The Los Alamos National Laboratory and the Nevada National Security Site are resetting the underground U1a facility at the former Nevada Test Site for the second in three planned Nightshade subcritical experiments.
Nightshade B is scheduled to fire in “spring 2021,” a spokesperson for the Los Alamos National Laboratory told Nuclear Security & Deterrence Monitor in an email this week. The shot will follow the successful Nightshade A experiment fired on Nov. 3. That experiment, the first subcritical test in more than a year, went off “without issue,” the lab spokesperson said. Nightshade C, the series finale, will notionally follow by September 2021.
Subcritical experiments, carried out inside a thick metal confinement vessel, explosively compress pieces of plutonium to the point of a near criticality. The tests are intended to produce no nuclear yield and help weapons designers determine if crucial nuclear material is aging as expected.
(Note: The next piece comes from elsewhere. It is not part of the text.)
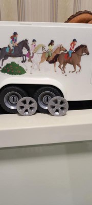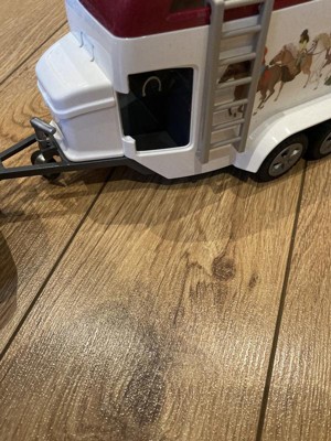 It's very nice and I love the car, the trailer is amazing too. But there's one thing I don't like, the horse. The horse looks very tacky and red, and her pose is weird. And, I wanted to take out the barrier in the trailer, but it's very hard to.

Together with computer simulations, the regimen allows the U.S. to certify the destructive potency of existing nuclear weapons without resorting to underground nuclear detonations.
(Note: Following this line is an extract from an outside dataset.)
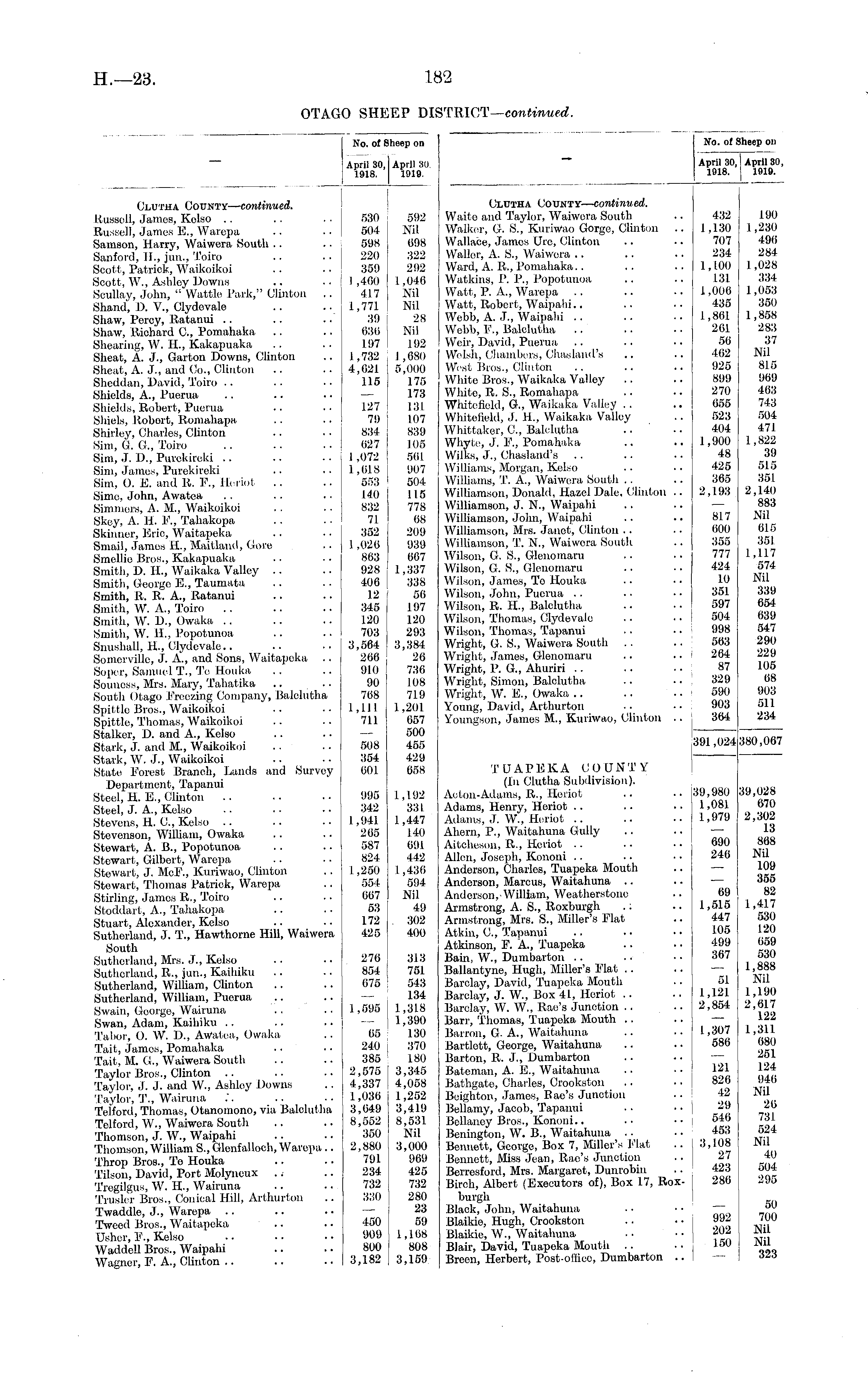 No. of Sheep on April 39,1 April 30 1918. 1019. No. of Sheep on April 3C,| April 30, 1918. 1919. Clutha County— continued. RusseU, Jamos, Kolso Russell, James E., Warepa Samson, Harry, Waiwera South Sanford, il., jun., Toiro Scott, Patrick, Waikoikoi Scott, W., Ashley Downs Scullay, John, " Wattle Park," Clinton Shand, D. V., Clydevale Shaw, Percy, Ratanui Shaw, Richard G, Pomahaka Shearing, W. H., Kakapuaka Sheat, A. J., Garton Downs, Clinton Sheat, A. J., and Co., Clinton Sheddan, David, Toiro Shields, A., Puerua Shields, Robert, Puerua Shiels, Robort, Romahapa Shirley, Charles, Clinton Sim, G. G.. Toiro Sim, J. D., Purekireki Sim, James, Purekireki Sim, O. E. and It. P., Heriot Sime, John, Awatea Simmers, A. M., Waikoikoi Skcy, A. 11. P., Tahakopa Skinner, Eric, Waitapeka Smail, James H., Maitland, Gore Smellie Bros., Kakapuaka Smith, D. IL, Waikaka Valley Smith, Georgo E., Taumata Smith, It. R. A., Ratanui Smith, W. A., Toiro Smith, W. D., Owaka Smith, W. IL, Popotunoa Snushall, H., Clydo vale.. Somorville, J. A., and Sons, Waitapeka .. Soper, Samuel T., Te Houka Soilness, Mrs. Mary, Tahatika South Otago Freezing Company, Balclutha Spittle Bros., Waikoikoi Spittle, Thomas, Waikoikoi Stalker, D. and A., Kelso Stark, J. and M., Waikoikoi Stark, W. J., Waikoikoi State Forest Branch, Lands and Survey Department, Tapanui Steel, H. E., Clinton Steel, J. A., Kelso Stevens, H. G, Kelso Stevenson, WiUiam, Owaka Stewart, A. B., Popotunoa Stewart, Gilbert, Warepa Stewart, J. McF., Kuriwao, Clinton Stewart, Thomas Patrick, Warepa Stirling, James R., Toiro Stoddart, A., Tahakopa Stuart, Alexander, Kelso Sutherland, J. T., Hawthorne Hill, Waiwera South Sutherland, Mrs. J., Kelso Sutherland, R., jun., Kaihiku Sutherland, WilUam, Clinton Sutherland, William, Puerua Swain, George, Wairuna Swan, Adam, Kaihiku Tabor, O. W. D., Awatea, Owaka Tait, James, Pomahaka Tait, M. G., Waiwera South Taylor Bros., Clinton Taylor, J. J. and W., Ashley Downs Taylor, T., Wairuna Telford, Thomas, Otanomono, via Balclutha Telford, W., Waiwera South Thomson, J. W., Waipahi Thomson, William S., Glcnfalloch, Warepa .. Throp Bros., Te Houka Tilson, David, Port Molyneux Trcgilgus, W. H., Wairuna Truster Bros., Conical Hill, Arthurton Twaddle, J., Warepa Tweed Bros., Waitapeka Usher, P., Kelso Waddell Bros., Waipahi Wagner, F. A., Clinton 530 504 598 220 859 I ,400 417 1,771 39 03!) 197 1,732 4,021 115 127 79 834 027 1 ,072 1,018 553 140 832 71 352 1,026 863 928 406 12 345 120 703 3,564 206 910 90 768 1,111 711 592 Nil 098 322 292 1,040 Nil Nil 28 Nil 192 1,080 5,000 175 173 131 107 839 105 501 907 504 116 778 08 209 939 007 1,337 338 50 197 120 293 3,384 20 730 108 719 1,201 057 500 455 429 058 Clutha County— continued. Waite and Taylor, Waiwera South Walker, G. S., Kuriwao Gorge, Clinton Wallace, James Ure, Clinton Waller, A. S., Waiwera Ward, A. R., Pomahaka.. Watkins, P. P., Popotunoa Watt, P. A., Warepa Watt, Robert, Waipahi.. Webb, A. J., Waipahi Webb, P., Balclutha Weir, David, Puerua Welsh, Chambers, Chasland's West Bros., Clinton White Bros., Waikaka Valley White, R. S., Romahapa Whitefield, G., Waikaka Valley Whitefield, J. 11., Waikaka Valley Whittaker, G, Balclutha Whyte, J. P., Pomahaka Wilks, J., Chasland's Williams, Morgan, Kelso Williams, T. A, Waiwera South Williamson, Donald, Hazel Dale, Clinton .. Williamson, J. N., Waipahi Williamson, John, Waipahi Williamson, Mrs. Janet, Clinton Williamson, T. N., Waiwora South Wilson, G. S., Glenomaru Wilson, G. S., Glenomaru Wilson, James, To Houka Wilson, John, Puerua Wilson, It. H., Balclutha Wilson, Thomas, Clydevalo Wilson, Thomas, Tapanui Wright, G. S., Waiwera South Wright, Jamos, Glenomaru Wright, P. G., Ahuriri Wright, Simon, Balclutha Wright, W. E., Owaka Young, David, Arthurton Youngson, James M., Kuriwao, Clinton .. 432 1,130 707 234 1,100 131 1,006 435 1,801 201 50 462 925 899 270 655 523 404 1,900 48 425 365 2,193 190 1,230 496 284 1,028 334 1,053 350 1,858 283 37 Nil 815 909 463 743 504 471 1,822 39 515 351 2,140 883 Nil 615 351 1,117 574 Nil 339 654 639 547 290 229 105 68 903 511 234 817 000 355 777 424 10 351 597 504 998 503 204 87 329 590 903 304 508 354 601 TUAPEKA COUNTY (In Clutha Subdivision). Acton-Adams, It., Heriot Adams, Henry, Heriot Adams, J. W., Heriot Ahern, P., Waitahuna Gully Aitcheson, it., Heriot Allen, Joseph, Kononi Anderson, Charles, Tuapeka Mouth Anderson, Marcus, Waitahuna Anderson, William, Weatherstone Armstrong, A. S., Roxburgh .; Armstrong, Mrs. S., Miller's Flat Atkin, O, Tapanui Atkinson, F. A., Tuapeka Bain, W., Dumbarton .. Ballantyne, Hugh, Miller's Flat Barclay, David, Tuapeka Mouth Barclay, J. W., Box 41, Heriot Barclay, W. W., Rae's Junction Barr, Thomas, Tuapeka Mouth Barron, G. A., Waitahuna Bartlott, George, Waitahuna Barton, R. J., Dumbarton Bateman, A. E., Waitahuna Bathgate, Charles, Crookston Beighton, James, Rao's Junction Bellamy, Jacob, Tapanui Bellaney Bros., Kononi.. Bonington, W. B., Waitahuna Bennett, George, Box 7, Miller's Flat Bennett, Miss Jean, Rae's Junction Berresford, Mrs. Margaret, Dunrobin Birch, Albert (Executors of), Box 17, Roxburgh Black, John, Waitahuna Blaikie, Hugh, Crookston Blaikie, W., Waitahuna .. Blair, David, Tuapeka Mouth Breen, Herbert, Post-oHice, Dumbarton .. 391,024 380,007 995 342 1,941 265 587 824 1,250 551 067 53 172 425 I , I 92 331 1,447 140 091 442 I ,430 594 Nil 49 302 400 39,980 1,081 1,979 690 240 39,028 670 2,302 13 868 Nil 109 355 82 1,417 530 120 659 530 1,888 Nil 1,190 2,017 122 1,311 080 251 124 940 Nil 20 731 524 Nil 40 504 295 69 1,515 447 105 499 367 276 854 675 1,595 65 240 385 2,575 4,337 1,036 3,649 8,552 350 2,880 791 234 732 330 313 751 543 134 1,318 1,390 130 370 180 3,345 4,058 1,252 3,419 8,531 Nil 3,000 909 425 732 280 23 59 1,108 808 3,159 51 1,121 2,854 1,307 586 121 826 42 29 546 453 3,108 27 423 286 450 909 800 3,182 992 202 150 50 700 Nil Nil 323

Nightshade got a late start. Once slated to begin in December 2019, the series’ first shot slid deep into the COVID-19 pandemic after difficulties in February 2019 with the final experiment in the previous subcritical series, Ediza. The Lawrence Livermore National Laboratory in California led that series.
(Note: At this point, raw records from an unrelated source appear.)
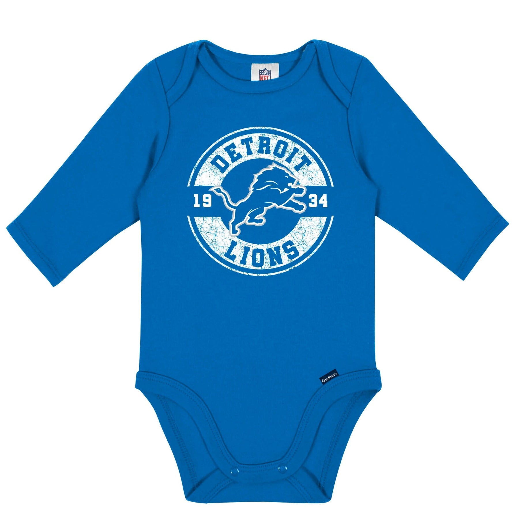 Roar into football season with these Detroit Lions long sleeve bodysuits made for your littlest fan. The soft, smooth interlock fabric feels cozy and thick—perfect for chilly game days. With lap shoulder styling, stretchy ribbed edges, and easy leg snaps, these bodysuits are built for quick changes and comfortable wear. Baby will be ready to cheer from the first snap to the final whistle. Our essentials have been independently certified with STANDARD 100 by OEKO-TEX so that you don’t have to worry about harmful substances in your little one's wardrobe. Includes two baby boy bodysuits.
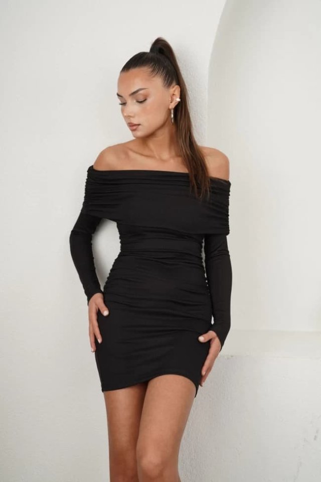 Kadın Madonna Mendil Yaka Fırsat ürün Büzgülü Mini Elbise
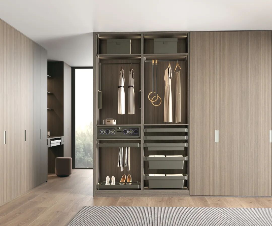 库博岚卡系列绝非简单的五金组合,而是对衣柜空间进行系统性思考的成果。它依据使用者从头部到足尖的收纳需求,实现了从饰品、衣物到鞋履的全品类收纳覆盖,进行上、中、下三段式科学规划,使衣柜空间不仅被极致利用,更升华为一件散发精致与高贵气质的家居艺术品,从根本上让家变得更整洁、有序。
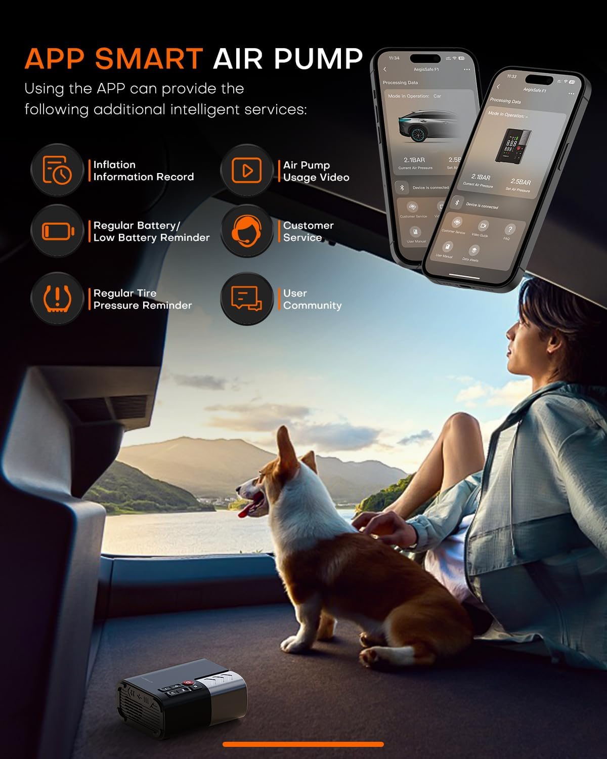 - đąăAPP Smart IoTăThe exclusive APP for you can intuitively understand the status of the car tire air pump portable, provide air pump information records, status reminders, warnings, usage instructions and customer service, etc., which will help you solve your troubles in use and get more comprehensive protection. âTips:Not using the APP will not affect the normal use of the air pump.
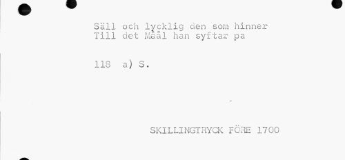 //// Säll och lycklig den som hinner Till det Mäål han syftar pa //// 118 a) S. //// SKlLLINGTRYCK FÖRE 1700 ////
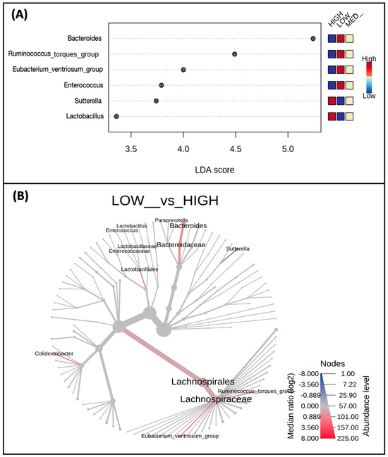When examining differences in taxa abundance at the genus level between low, medium, and high consumers of dietary polyphenols (Figure 4A), the abundance of Lactobacillus (p-value = 0.007) and Sutterella (p-value = 0.064) was highest in the high-consumer group and lowest in the low-consumer group. Conversely, the abundance of Eubacterium ventriosum group (p-value = 0.014), Ruminococcus torques group (p-value = 0.038), Bacteroides (p-value = 0.052), and Enterococcus (p-value = 0.057) in the low-consumer group and lowest in the high-consumer group (Figure 4A). A phylogenetic heat tree comparing abundances between the low versus high consumer groups, including differential abundances analyzed by Wilcoxon Rank Sum, are also represented (Figure 4B).

The last Ediza shot breached a diagnostic port on the experiment’s confinement vessel and leaked contamination into the U1a zero room in Nevada. After that, personnel had to decontaminate the area and reinforce confinement vessels for future tests.
At one point, there were four Nightshade tests on the slate. The fourth, Nightshade-L, would have been run by Livermore, but the lab scrapped the shot after deciding Los Alamos’ Nightshade platform could not provide the desired data.